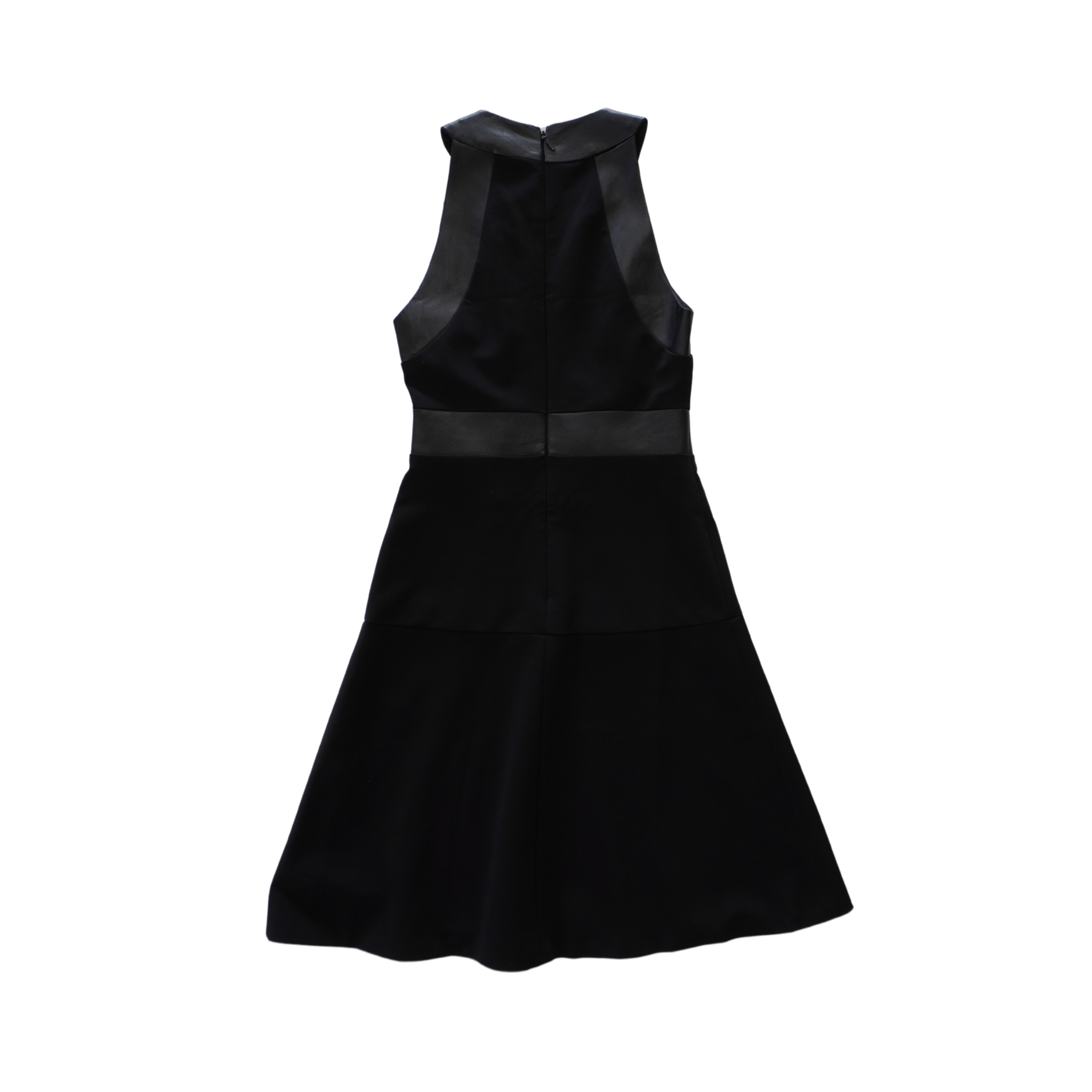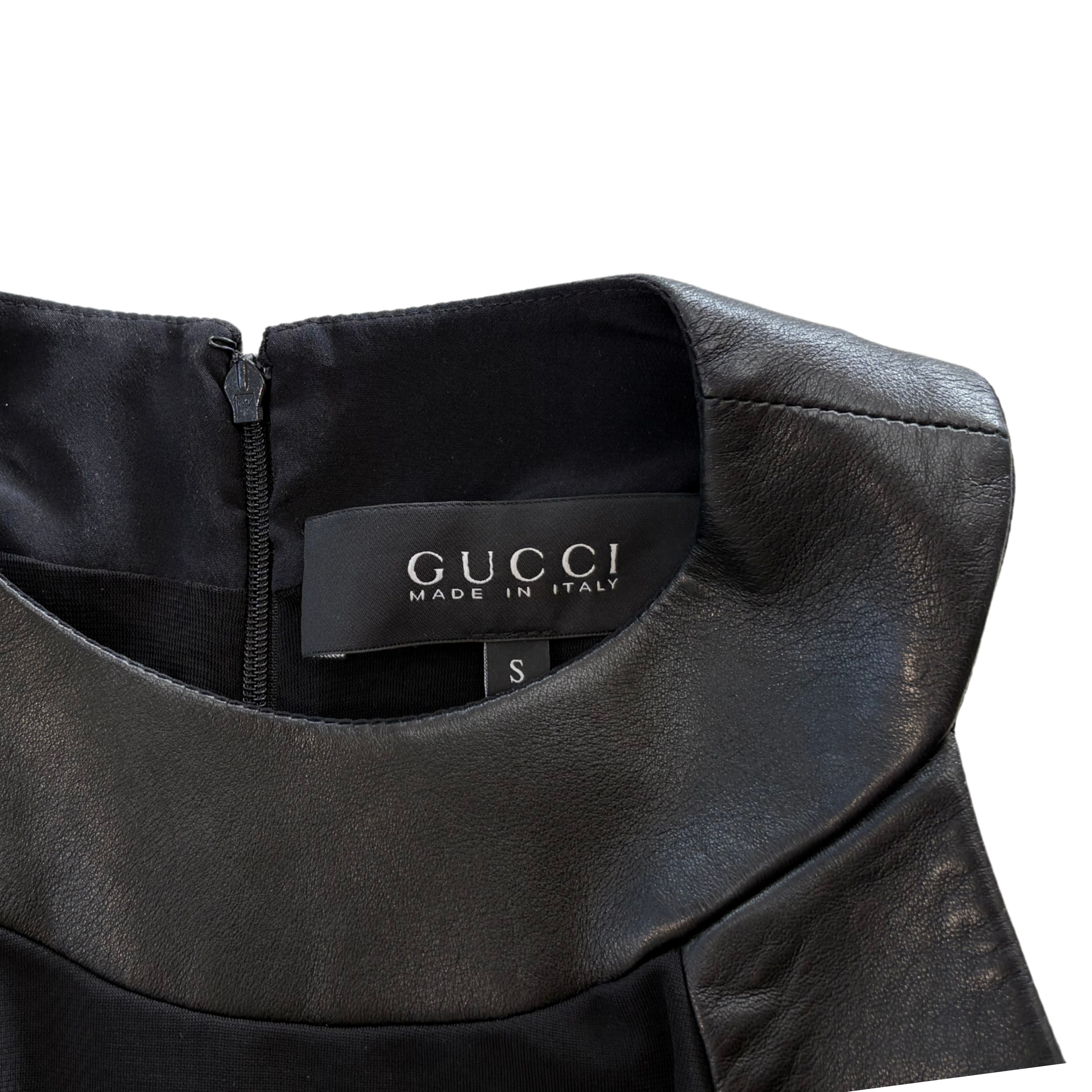 Gucci a-line dress in black viscose with a high-neckline and a leather trim.
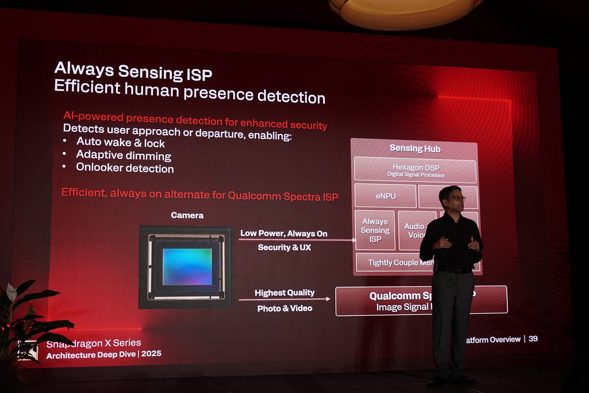 サブシステム内には専用のHexagon DSPとデュアルマイクロ埋め込みeNPUを備えており、PC本体を起動させることなく、高度なAI処理を実行する。
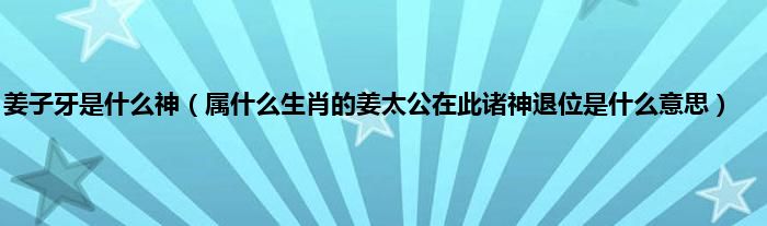 大家好,综合小编来为大家讲解下。姜子牙是什么神,属什么生肖的姜太公在此诸神退位是什么意思这个很多人还不知道,现在让我们一起来看看吧!
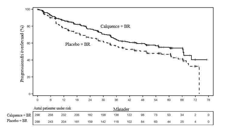 Med ytterligare 6 månaders uppföljning från den primära PFS-analysen och en medianuppföljning på 63,0 månader uppnåddes inte median total överlevnad i någon arm. Det totala antalet dödsfall var 218: 105 (35,1 %) i Calquence + BR-armen och 113 (37,8 %) i placebo + BR-armen. Effektresultaten presenteras i tabell 16. Kaplan-Meier-kurvorna över PFS visas i figur 5.
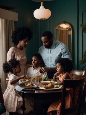 «A black man and his Black Family Having Dinner at Dining Room ta...»
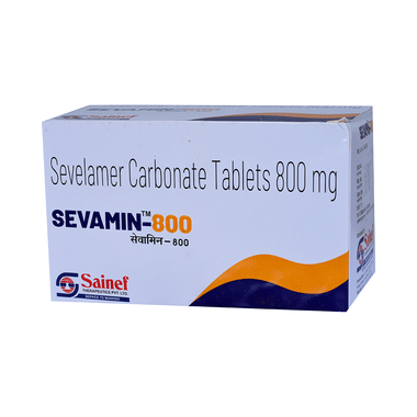 Sevamin 800 Tablet is used to treat increased phosphate levels in the blood. It is used in patients who are on dialysis due to severe kidney disease. It inhibits the absorption of phosphate from the intestine and lowers the phosphate levels in the blood.
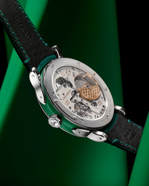 นาฬิการุ่น Louis Vuitton Escale Malachite โดดเด่นด้วยลายริ้วแร่เลอค่าที่ละเอียดประณีตเผยให้เห็นโทนสีเขียวเข้มและชั้นหินที่หลากหลาย นาฬิกาขนาด 40 มม. แต่ละเรือนที่ใช้กลไก LFT023 ประดับด้วยอัญมณีเลอค่าที่ผ่านการตกแต่งอย่างพิถีพิถันด้วยเทคนิคการขัดเงาที่ละเอียดประณีตเพื่อเผยประกายแห่งความงดงามอย่างสมบูรณ์แบบ
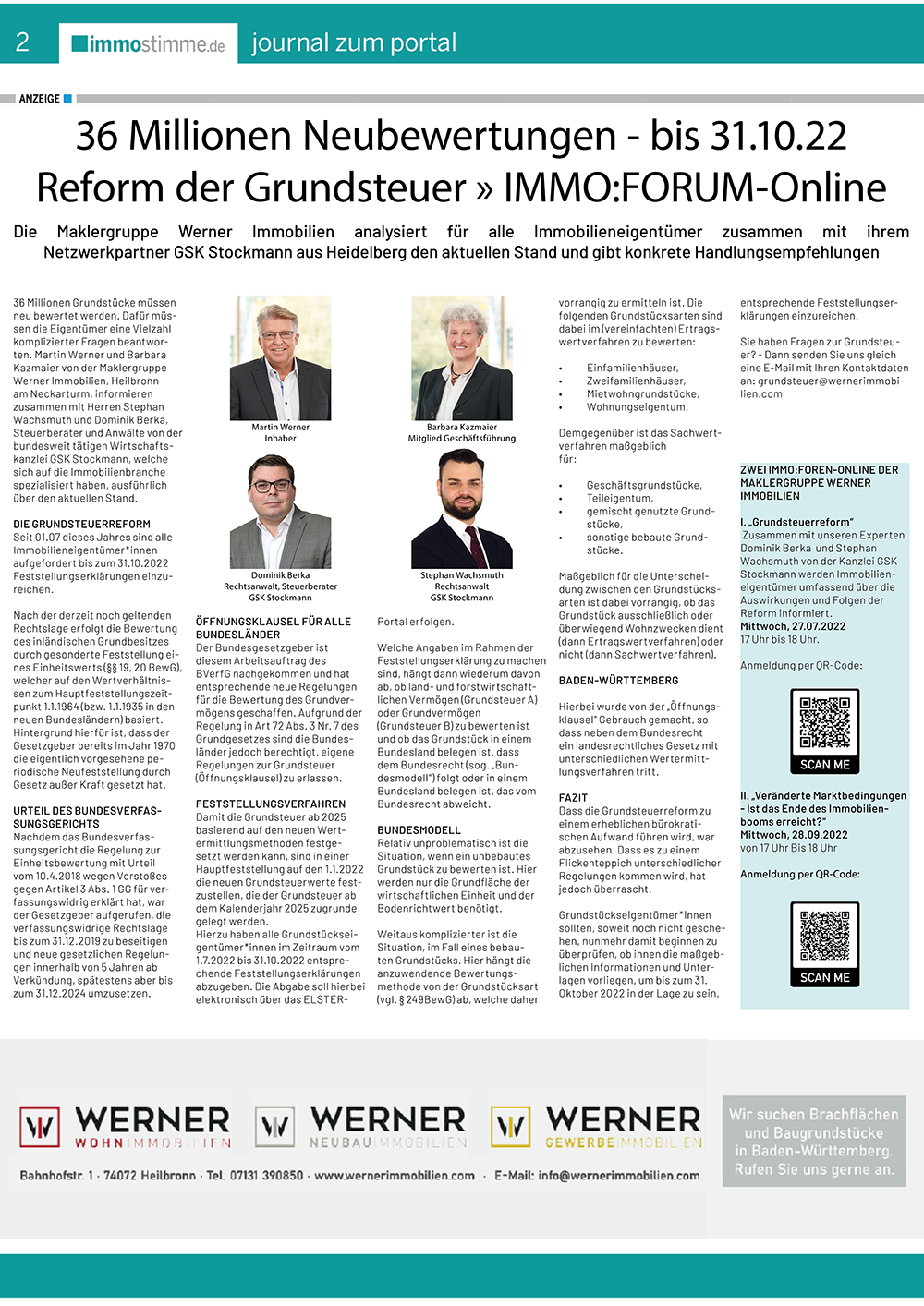 Die Maklergruppe Werner Immobilien analysiert für alle Immobilieneigentümer zusammen mit ihrem Netzwerkpartner GSK Stockmann aus Heidelberg den aktuellen Stand und gibt konkrete Handlungsempfehlungen.

EXERCISE DIRECTIONS: Without including any picture, print every record exactly as written above.

RESULT OF THE TASK:
 Gucci a-line dress in black viscose with a high-neckline and a leather trim.
 サブシステム内には専用のHexagon DSPとデュアルマイクロ埋め込みeNPUを備えており、PC本体を起動させることなく、高度なAI処理を実行する。
 大家好,综合小编来为大家讲解下。姜子牙是什么神,属什么生肖的姜太公在此诸神退位是什么意思这个很多人还不知道,现在让我们一起来看看吧!
 Med ytterligare 6 månaders uppföljning från den primära PFS-analysen och en medianuppföljning på 63,0 månader uppnåddes inte median total överlevnad i någon arm. Det totala antalet dödsfall var 218: 105 (35,1 %) i Calquence + BR-armen och 113 (37,8 %) i placebo + BR-armen. Effektresultaten presenteras i tabell 16. Kaplan-Meier-kurvorna över PFS visas i figur 5.
 «A black man and his Black Family Having Dinner at Dining Room ta...»
 Sevamin 800 Tablet is used to treat increased phosphate levels in the blood. It is used in patients who are on dialysis due to severe kidney disease. It inhibits the absorption of phosphate from the intestine and lowers the phosphate levels in the blood.
 นาฬิการุ่น Louis Vuitton Escale Malachite โดดเด่นด้วยลายริ้วแร่เลอค่าที่ละเอียดประณีตเผยให้เห็นโทนสีเขียวเข้มและชั้นหินที่หลากหลาย นาฬิกาขนาด 40 มม. แต่ละเรือนที่ใช้กลไก LFT023 ประดับด้วยอัญมณีเลอค่าที่ผ่านการตกแต่งอย่างพิถีพิถันด้วยเทคนิคการขัดเงาที่ละเอียดประณีตเพื่อเผยประกายแห่งความงดงามอย่างสมบูรณ์แบบ
 Die Maklergruppe Werner Immobilien analysiert für alle Immobilieneigentümer zusammen mit ihrem Netzwerkpartner GSK Stockmann aus Heidelberg den aktuellen Stand und gibt konkrete Handlungsempfehlungen.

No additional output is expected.